According to IMBD, the Hungarian American motion-picture actor was born as Lászlo Loewenstein to Jewish parents in Rózsahegy, in the Slovak area of the Austro-Hungarian Empire, in 1904. He studied in Vienna, however, did not finish his education, instead, ran away and did various temporary jobs before he got into acting. The aspiring actor first started out in amateur productions, often playing criminals and other seedy characters. He was born to play sinister figures in theatres and on screen due to his stocky figure and big, bulging eyes. Lorre achieved international fame in 1931 as the psychotic child murderer in the German classic film M, directed by Fritz Lang. He made his first Hollywood appearance in Mad Love, an American horror film in which he played a love-struck doctor who is obsessed with a young actress. He even made an appearance in the iconic Casablanca and worked together with such big names as Alfred Hitchcock, Humphrey Bogart and Bela Lugosi, another famous Hungarian who played Dracula on screen.
Later on, he suffered serious career disappointments due to a worsening morphine addiction which he developed after his doctor prescribed him the painkiller following chronic gallbladder troubles.
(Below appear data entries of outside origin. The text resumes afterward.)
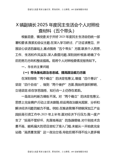 X镇副镇长2025年度民主生活会个人对照检查材料(五个带头).docx
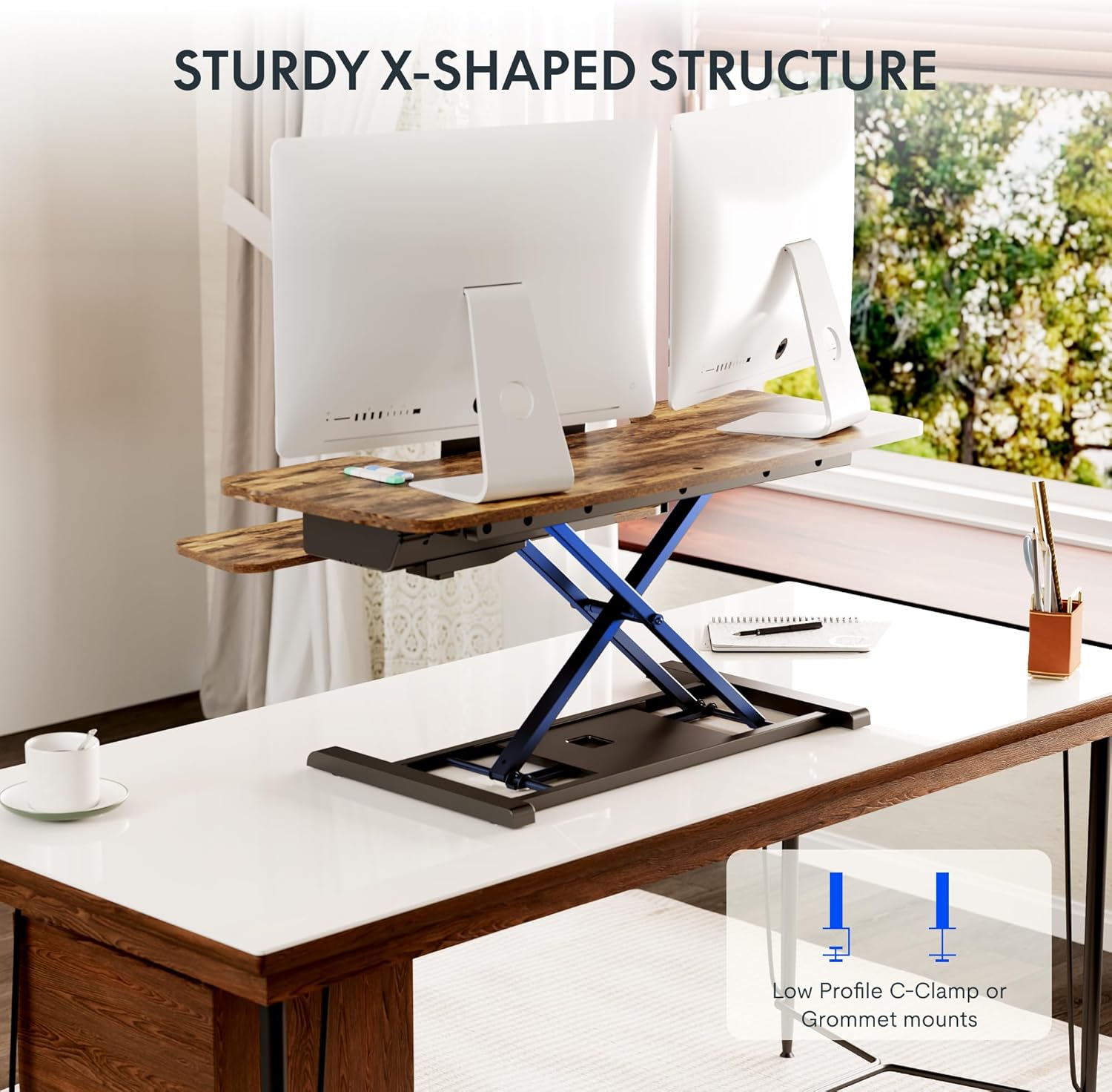 FLEXISPOT 40 inch Electric Motor Desk Converter, Sit to Stand Monitor and Laptop Workstation, Height Adjustable Riser with Wide Keyboard Tray, Rustic Color
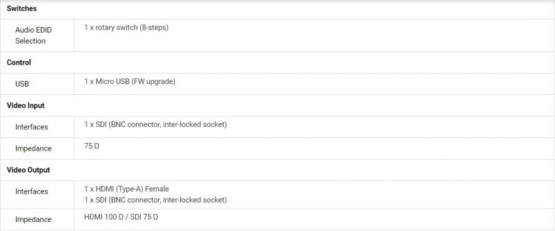 - Supports SDI standard SMPTE-292/424/425-3/2081/2082
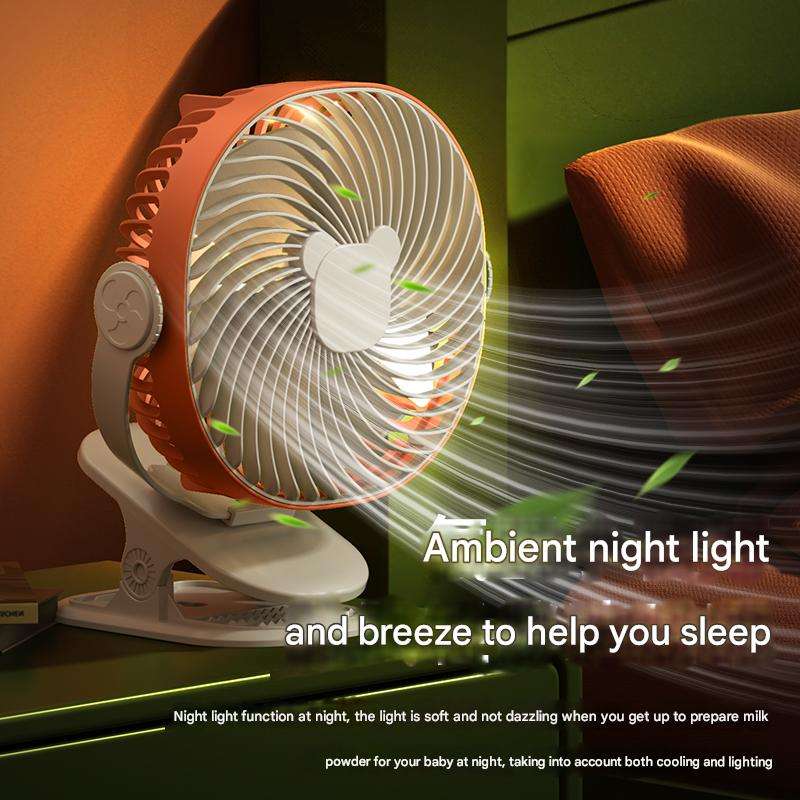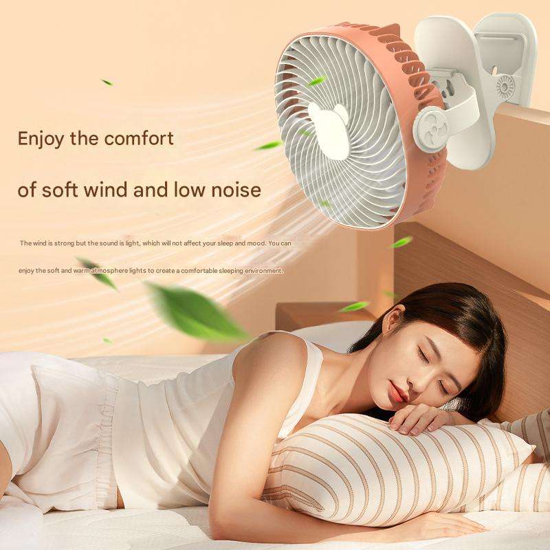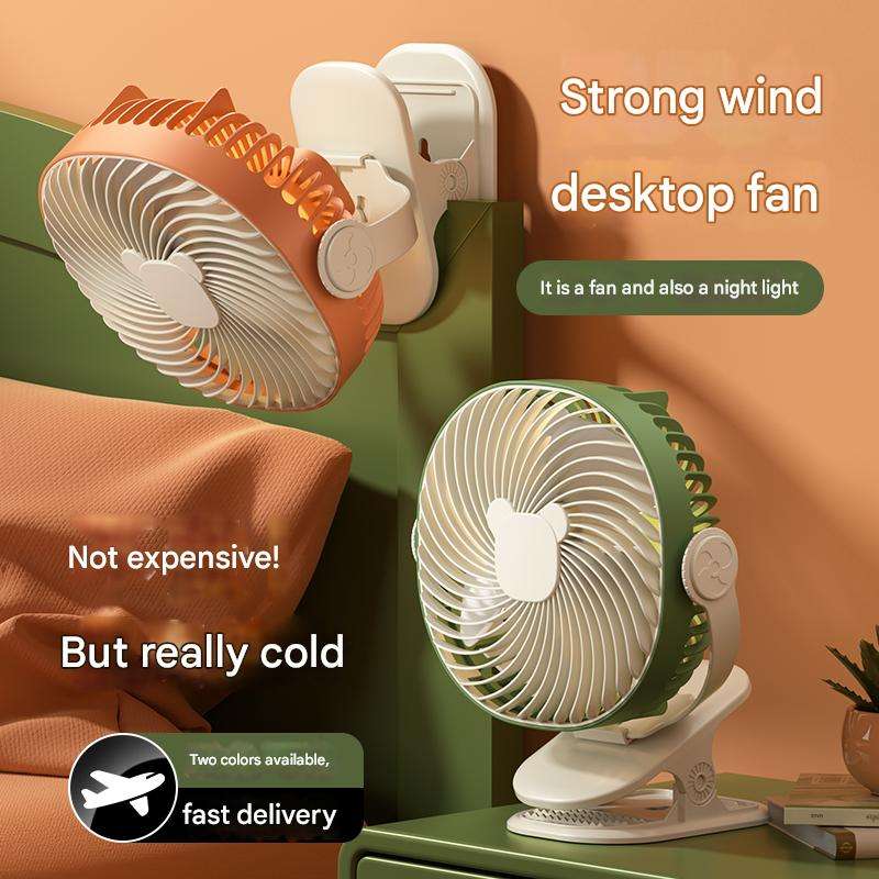 New Large Clip Desktop Bedroom Student Dormitory USB Rechargeable Desk Fan with Night Light Long Life
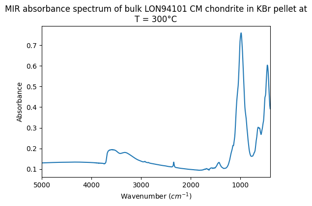 - Beck, Pierre; Garenne, Alexandre (2012): Mid-IR absorbance spectra of bulk CM chondrites in KBr pellets at ambient temperature, 150°C and 300°C. SSHADE/GhoSST (OSUG Data Center). Dataset/Spectral Data. https://doi.org/10.26302/SSHADE/EXPERIMENT_LB_20170721_001
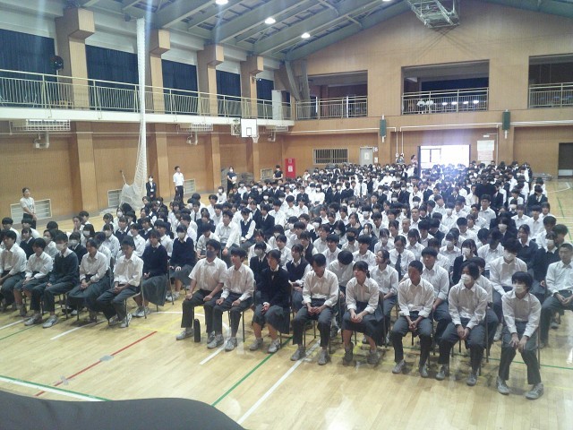 17日の前日指導の様子です。実行委員長や先生方からお話がありました。そのあと、2年生がパイプ椅子並べなど会場づくりをしてくれました。
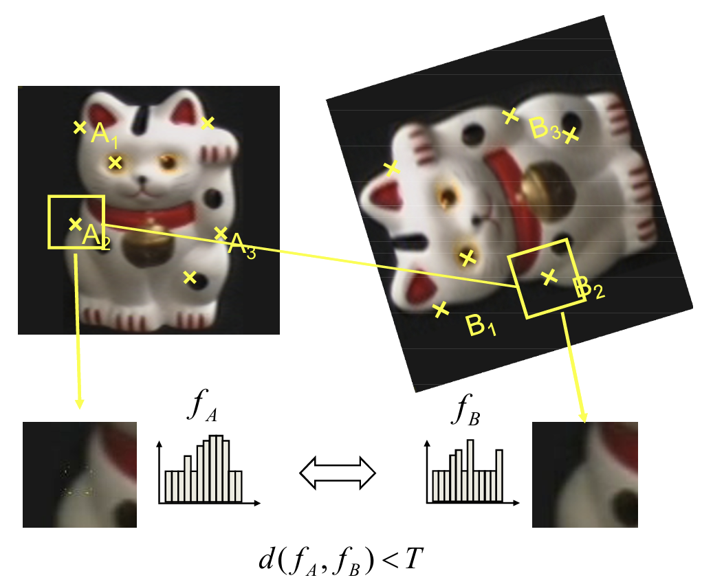 ์ด Descriptor๋ ์ง์ญ์ ์ธ ํน์ฑ์ ๊ฐ์ง๊ณ ์๊ธฐ ๋๋ฌธ์ ๋น์ทํ ํํ๋ฅผ ํํํ๋ descriptor๋ ๋น์ทํ ๋ฒกํฐ๋ก ํํ๋๋ค.
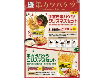 昨年大好評だった串カツバケツのクリスマスセットが、今年は2種類登場!パーティにピッタリな「串カツバケツ」&「手巻き串バケツ」と、お子様に大人気な『鶏もものから揚げ』と『ポテトフライ』がセットになっており、まさにクリスマスシーズンにピッタリなワクワクした内容となっております。
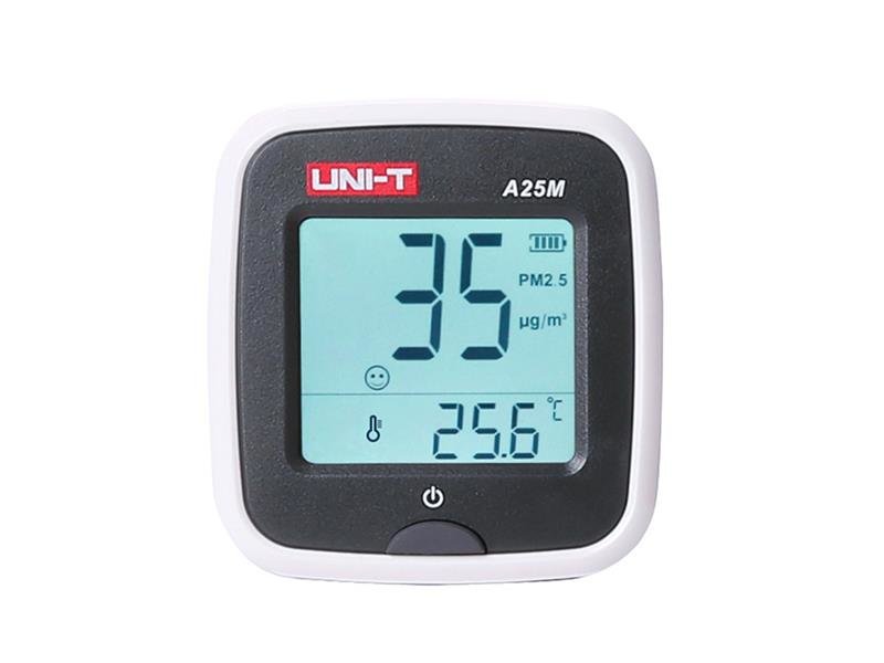 A25M je přenosný měřič částic PM2,5, který lze použít v domácnostech, kancelářích, vozidlech, laboratořích, kancelářích, hotelech, školách, továrnách, konferenčních místnostech, na letištích, v nemocnicích, restauracích, nákupních centrech a na mnoha dalších veřejných místech. Měří koncentraci těchto částic v mikrogramech na metr krychlový. Na podsvíceném dipleji LCD zobrazuje tuto koncentraci v μg/m³ a také v šesti úrovních pomocí emotikonů. Krátkým stisknutím tlačítka vypínače můžete zapnout nebo vypnout bílé podsvícení displeje. Ve výchozím nastavení je podsvícení automaticky zapnuto při zapnutí přístroje. Překročí-li koncentrace částic standard (PM 2,5 > 115μg/m³),
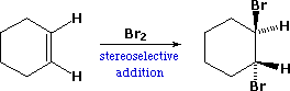 B. Stereoselectivity: If the reaction products are such that stereoisomers may be formed, a reaction that yields one stereoisomer preferentially is said to be stereoselective. In the addition of bromine to cyclohexene, for example, cis and trans-1,2-dibromocyclohexane are both possible products of the addition. Since the trans-isomer is the only isolated product, this reaction is stereoselective.
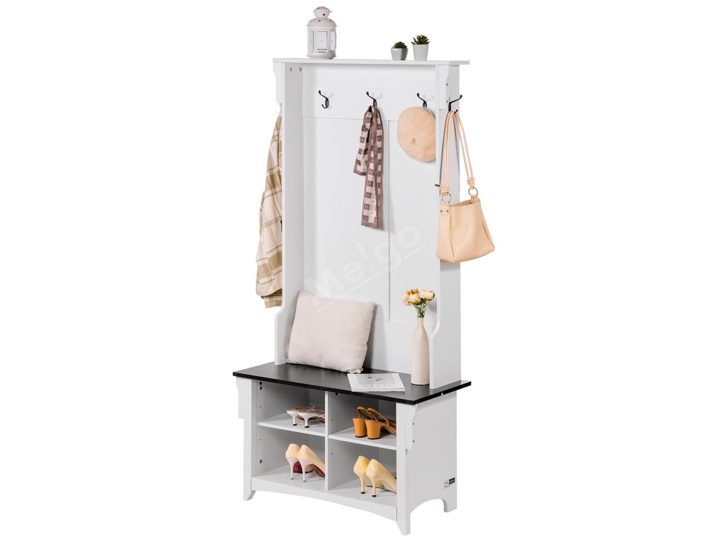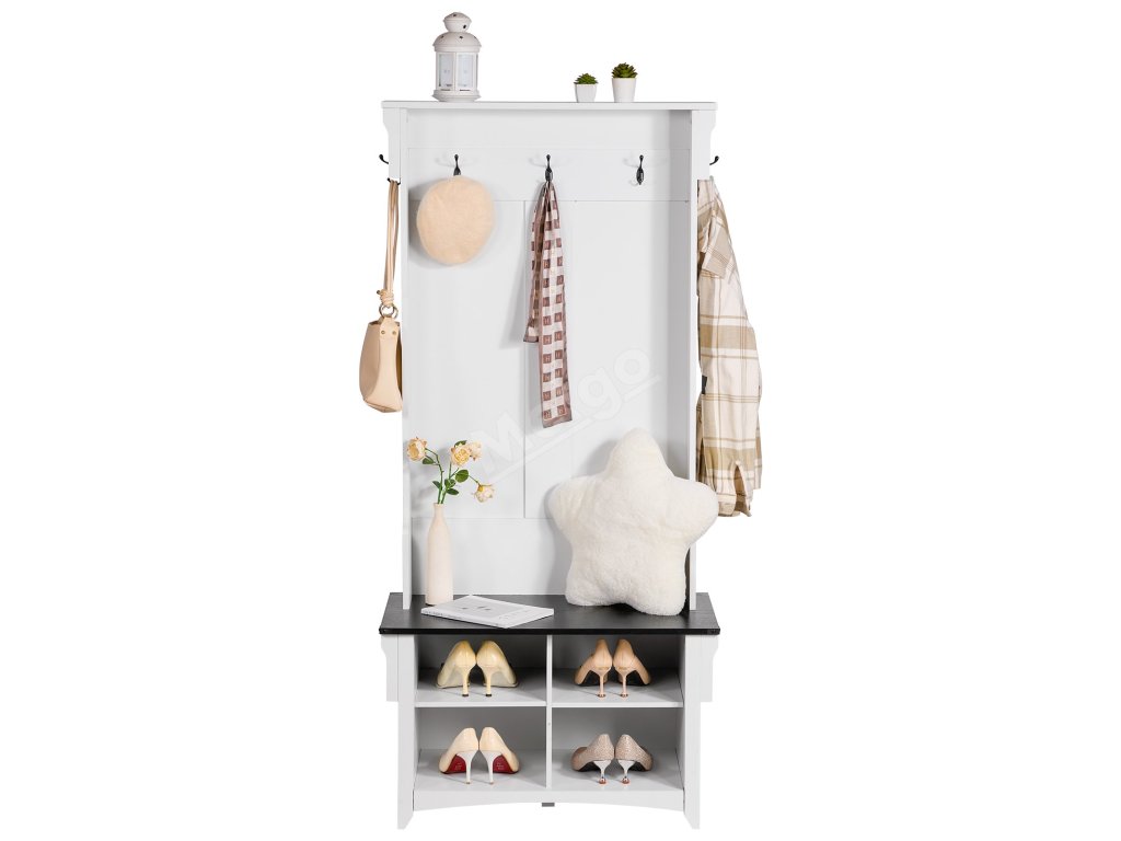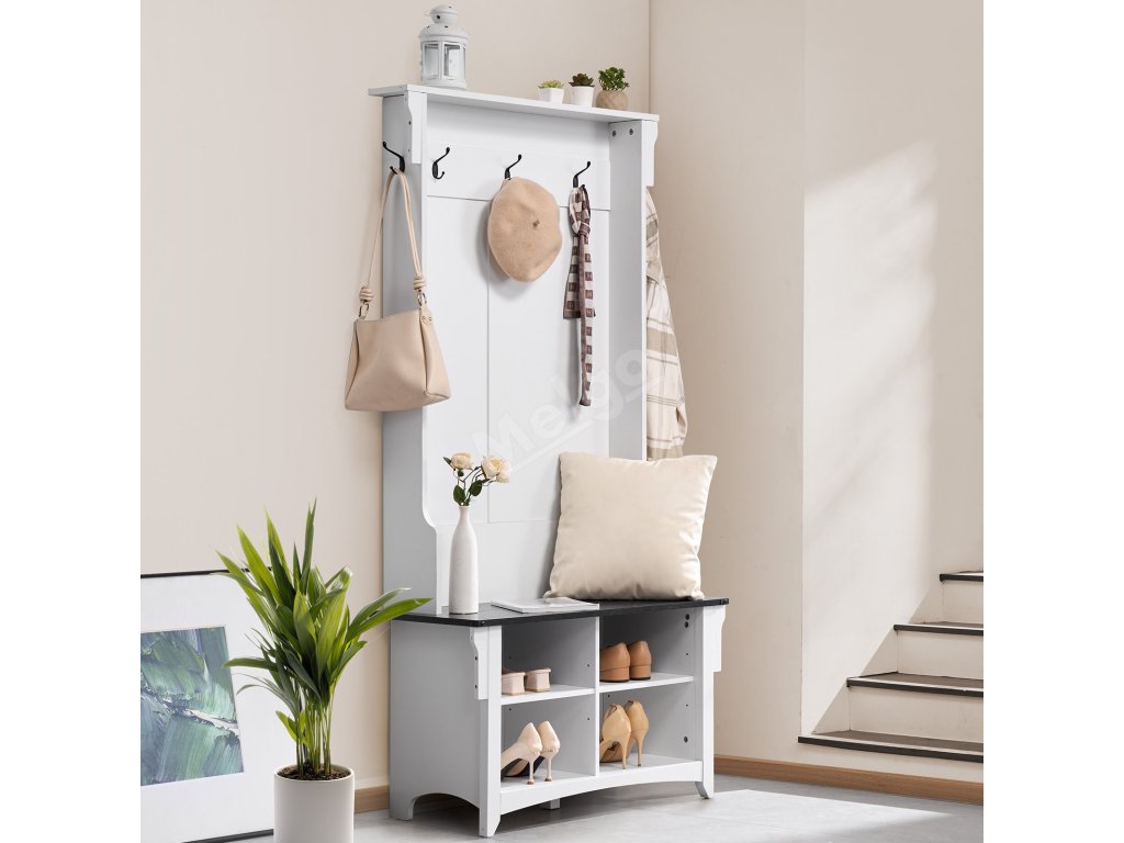 Předsíňový věšák s lavicí, 5 háčků, 4 zásuvky, do předsíně bílý

He died of a stroke at age of 59, in 1960.
The longest-surviving original member of the iconic punk-rock band Ramones was born as Tamás Erdélyi in Budapest, in 1949. Tommy’s parents were of Jewish origin and worked as professional photographers, so he was already born into an artistic family. Most of his relatives died during the Holocaust. His family left the country at the time of the Hungarian revolution and arrived in the US in 1957. Tommy became interested in music at a young age and formed his first garage band, Tangerine Puppets, at high school. His first job included working as an assistant engineer in a recording studio along with Jimi Hendrix himself. He and his bandmates, Johnny Ramone, Dee Deee Ramone and Joey Ramone, founded the legendary band in 1974, in New York. He played only on the band’s first three albums, “Ramones” in 1976 and “Leave Home” and “Rocket to Russia” in 1977. According to the Guardian, the Ramones served as an inspiration to many well-known British punk bands such as the Clash, Buzzcocks and Sex Pistols and even Kurt Cobain of Nirvana said he yearned to play in a band such as the Ramones.
Tommy Ramone died of bile duct cancer at age of 65 in 2014, in his home.